Your task: Give back exactly the line containing "ロゴトップス 長袖 スリム" and all that follow it in the data below, with the pictures left out.

Data block:

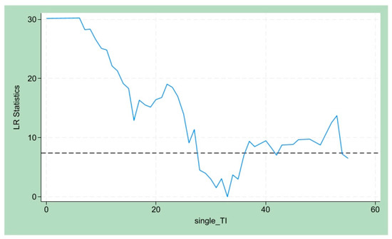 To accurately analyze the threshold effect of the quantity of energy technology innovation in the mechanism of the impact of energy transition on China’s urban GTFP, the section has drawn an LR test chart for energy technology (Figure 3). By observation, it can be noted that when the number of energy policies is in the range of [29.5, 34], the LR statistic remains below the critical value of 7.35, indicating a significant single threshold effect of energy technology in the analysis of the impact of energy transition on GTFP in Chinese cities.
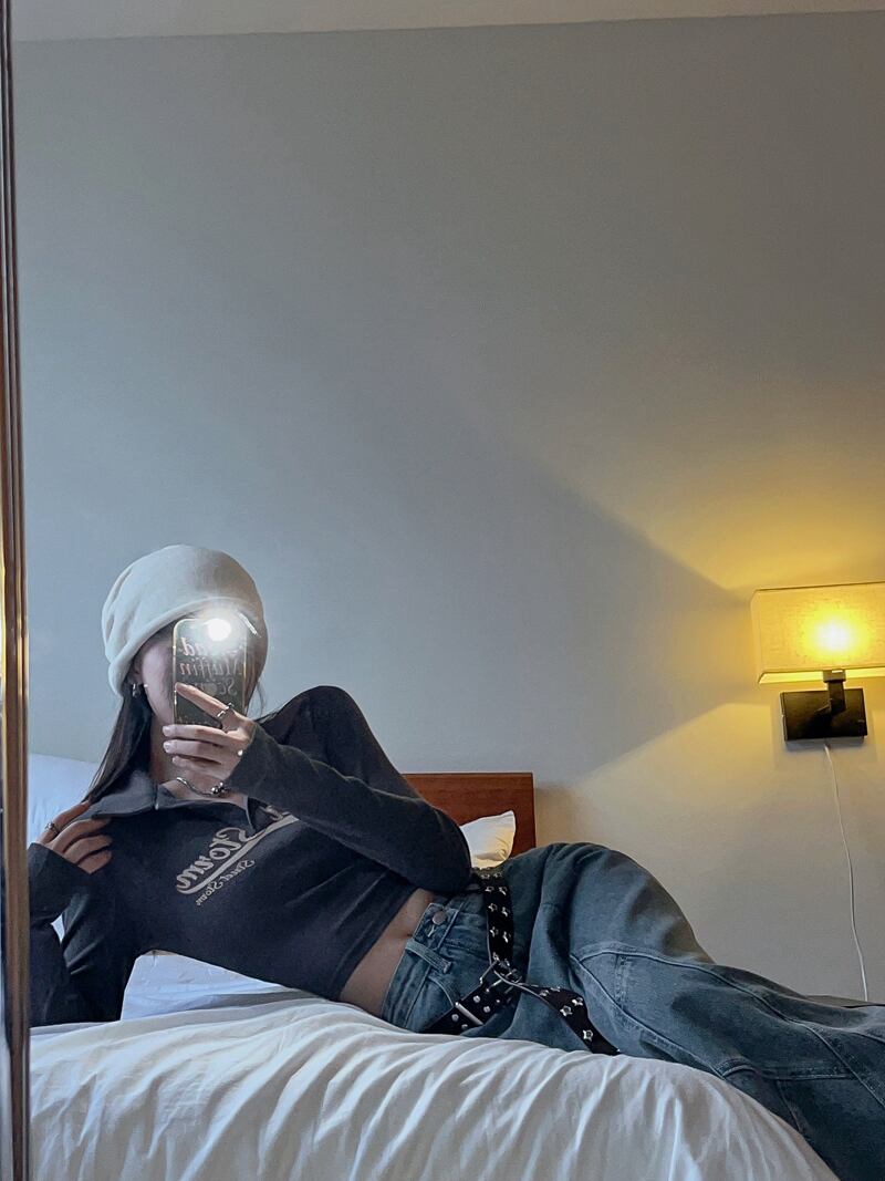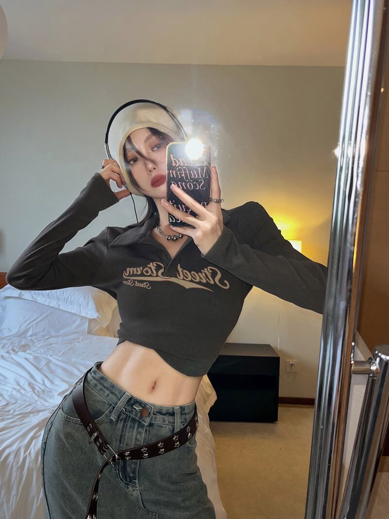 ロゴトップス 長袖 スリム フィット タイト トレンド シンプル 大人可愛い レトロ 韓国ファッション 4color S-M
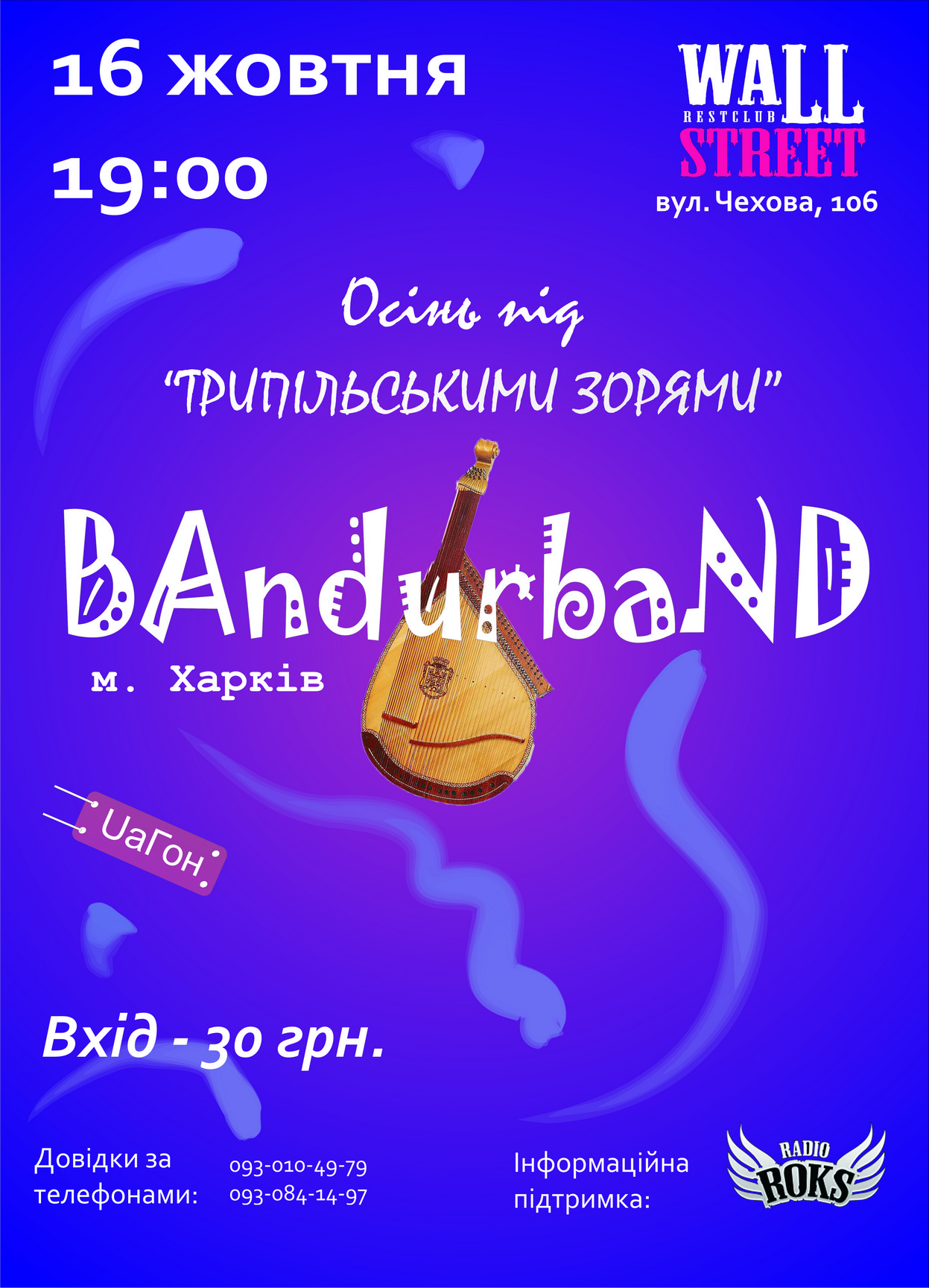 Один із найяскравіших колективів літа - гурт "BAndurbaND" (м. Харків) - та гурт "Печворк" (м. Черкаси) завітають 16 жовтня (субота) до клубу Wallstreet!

Solution to this task:
 ロゴトップス 長袖 スリム フィット タイト トレンド シンプル 大人可愛い レトロ 韓国ファッション 4color S-M
 Один із найяскравіших колективів літа - гурт "BAndurbaND" (м. Харків) - та гурт "Печворк" (м. Черкаси) завітають 16 жовтня (субота) до клубу Wallstreet!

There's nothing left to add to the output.